Recent polling, fundraising and third-party spending reports illustrate just how competitive the race between Rep. Martin Heinrich (D) and former Rep. Heather Wilson (R) is less than four months out.
After the second fundraising quarter, Heinrich had a slight edge over Wilson in both cash on hand and polling. Democrats expect the state’s demographics and a victory for President Barack Obama to put Heinrich over the top come November, but the race remains too close to call.
“Martin Heinrich holds an early lead against Heather Wilson,” independent New Mexico pollster Brian Sanderoff said. “However, it’s too early to predict the outcome of the race. In all likelihood the race will narrow.”
The two candidates have represented the Albuquerque-based 1st district for the past 14 years combined. In interviews with Roll Call, each claimed a proven record of Hispanic support and a message better suited to the broad electorate.
In an increase of nearly 25 percent since 2000, Hispanics now make up 46 percent of New Mexico’s population, by far the highest of any state in the country, according to 2010 census figures.

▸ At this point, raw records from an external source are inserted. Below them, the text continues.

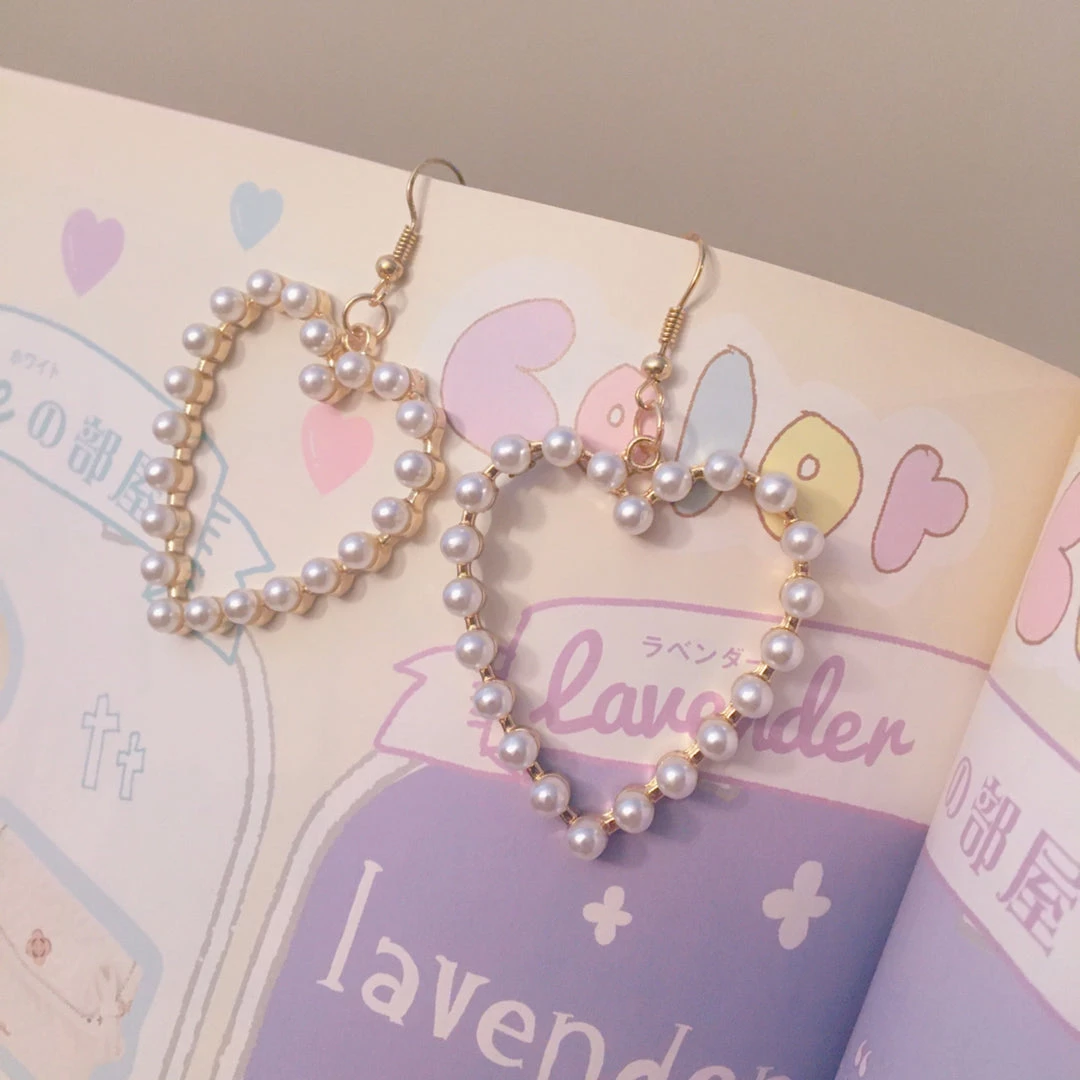 Elegant, large gold heart earrings with pearl details. Classy and cute!
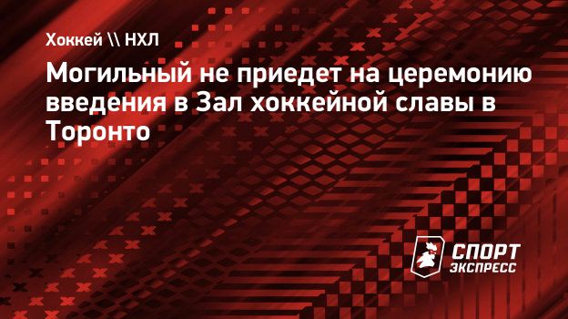 Могильный не приедет на церемонию введения в Зал хоккейной славы в Торонто
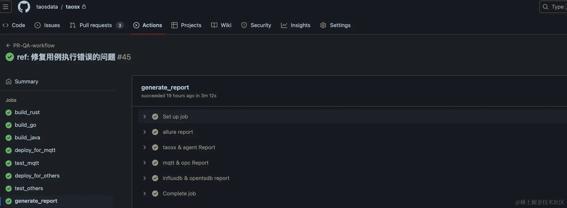 - 通过点击执行的 Action 可以查看执行的结果。
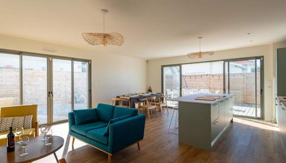Die Maison neuve proche océan ist eine moderne Unterkunft, die mit einer Terrasse ausgestattet ist und Platz für bis zu 8 Personen bietet. Das Ferienhaus zeichnet sich durch eine klimatisierte Umgebung aus und bietet kostenfreies WLAN sowie einen privaten Parkplatz.

This demographic accounted for 41 percent of the state’s 2008 electorate.
“I think if you look at past polling data, you’ll see that I’ve consistently received better numbers with Hispanics than a Republican needs to win statewide,” Wilson said in a telephone interview Monday. She reiterated that point in a Wednesday briefing with reporters at the National Republican Senatorial Committee.

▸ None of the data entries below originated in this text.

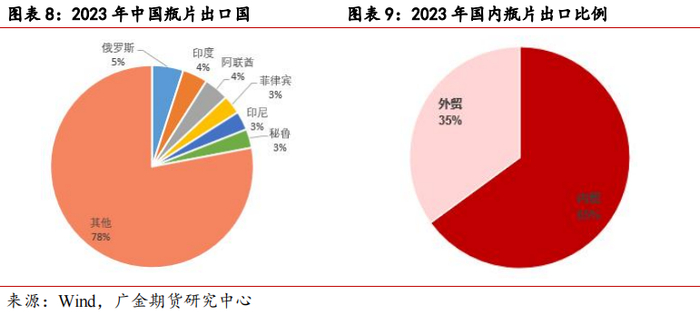我国瓶片境外销售占比较高,2023年瓶片出口量占全年产量3.5成。因此在研究瓶片需求时,出口情况不可忽略。2021年-2022年,海外市场受疫情后需求恢复以及欧洲瓶片装置开工率大幅下行影响,对中国瓶片的需求较强,促使当期中国瓶片出口量较高。
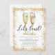 Este é um cartão-postal elegante e na moda com Convite de festas com um par de óculos de champanhe de água, uma borda de ouro e um chamado aos convidados para comemorar o início do novo ano com "Vamos brindar!" em uma letra moderna. Atualize facilmente os detalhes da parte na placa usando o modelo fornecido e lembre-se de incluir uma mensagem na parte traseira, bem como o endereço do remetente para sua conveniência (se desejar). Entre em contato com o designer para fazer perguntas ou problemas relacionados a este design ou a produtos correspondentes.
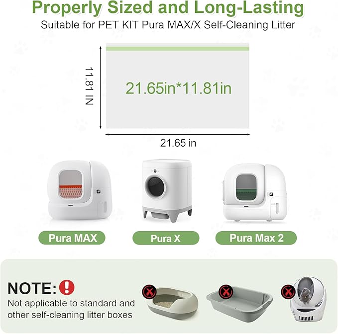 - 🐾 PERFET MATCH: Included in the package are 120 cat litter box bags measuring 21.65" x 11.81", perfectly matching Pet Kit PuraX PuraMax/Cleanpe*thome cat litter machines. Friendly reminder: 1. Correct size matching helps the machine run smoothly. 2. Before purchasing, please measure the size of your cat litter box drawer.

At a coffee shop a few blocks from the Capitol last week, an hour after voting against a repeal of Obama’s health care law, Heinrich said he had won about two-thirds of the Hispanic vote in past elections, which would be more than enough for a Democrat to win statewide.

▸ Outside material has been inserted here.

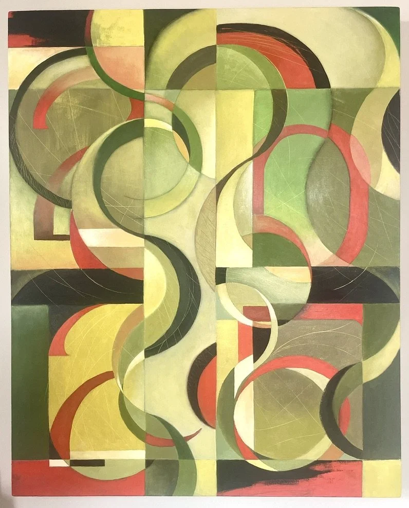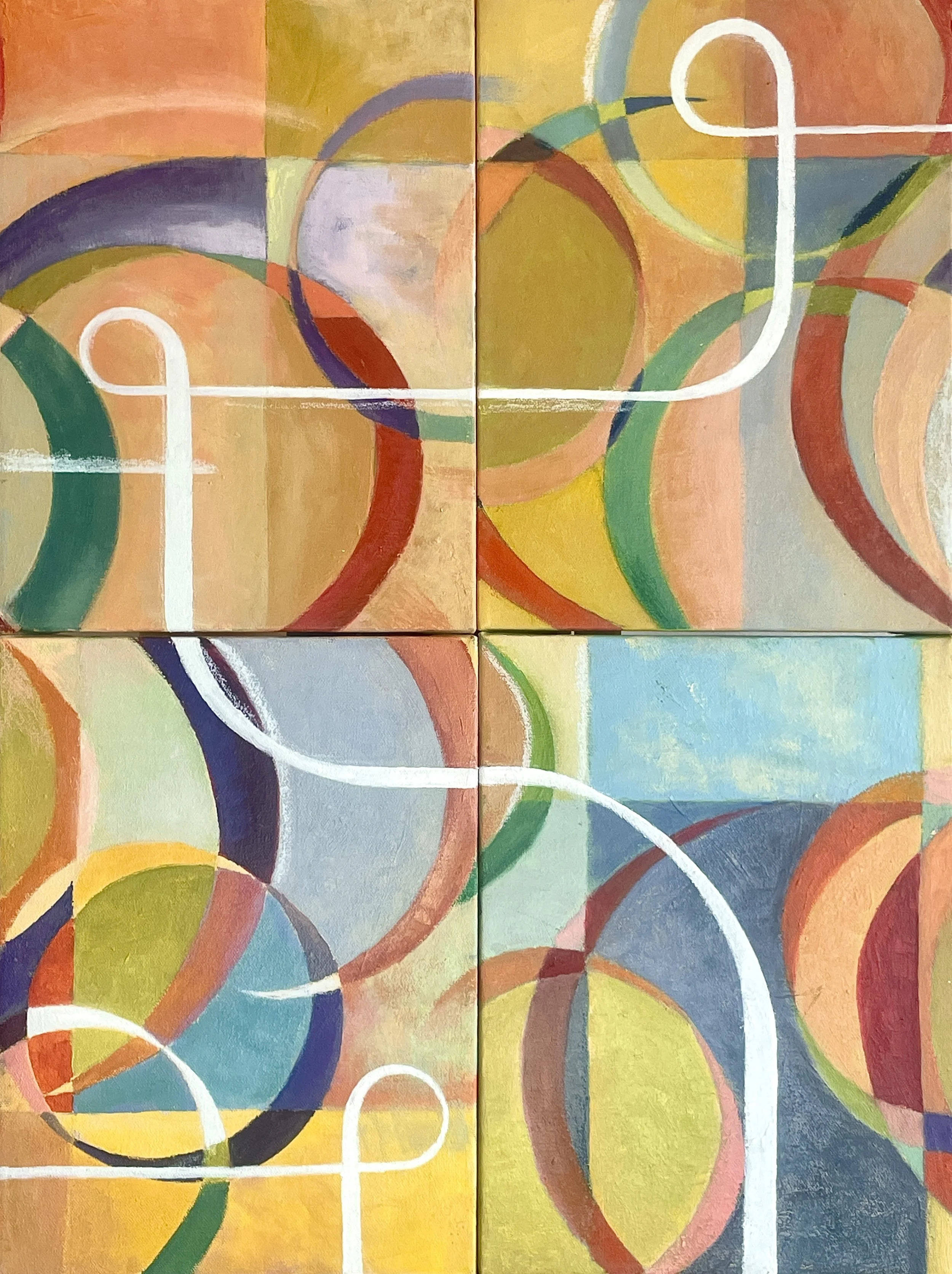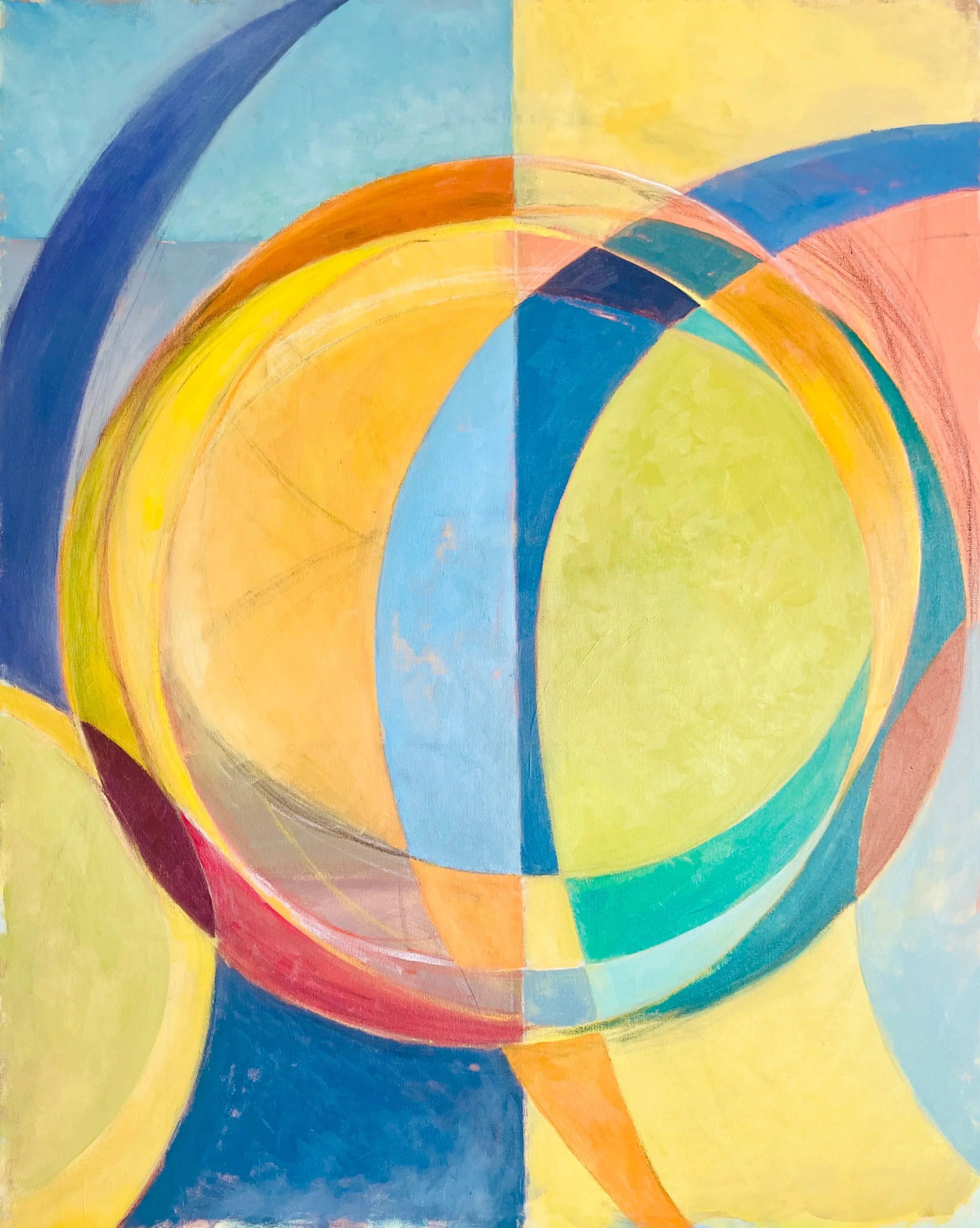 Going in circles? My fascination with geometry, abstraction, visual rhythms, and the energy of color has been with me since I started drawing and creating. Along the way I have ventured into realism, figurative and pictorial imagery but I circle back to the power of shape and color, to energetic frequencies and a kind of visual music.

“People call it a lean-blue state,” said Heinrich, who succeeded Wilson in 2008, when she retired to run for Senate. “When you’re north of 60 percent with Hispanic voters and you’re doing well with Anglo Democrats as well, it is a lean-blue state. But you have to have that turnout.”
Obama visited New Mexico in March, and unlike some of his fellow Democratic Senate candidates, Heinrich hopes the president swings by again as the elections near. The president stopped in Albuquerque’s South Valley about a month before the 2010 midterm elections, which the Congressman survived despite a national Republican wave.
Wilson needs presumptive GOP presidential nominee Mitt Romney to keep the margin smaller than in 2008, when Obama won the state by 15 points. But if the presidential contest doesn’t get more competitive, Heinrich conceded that his campaign will likely need to pick up the slack on field operations, a vital program to turn out Hispanic voters.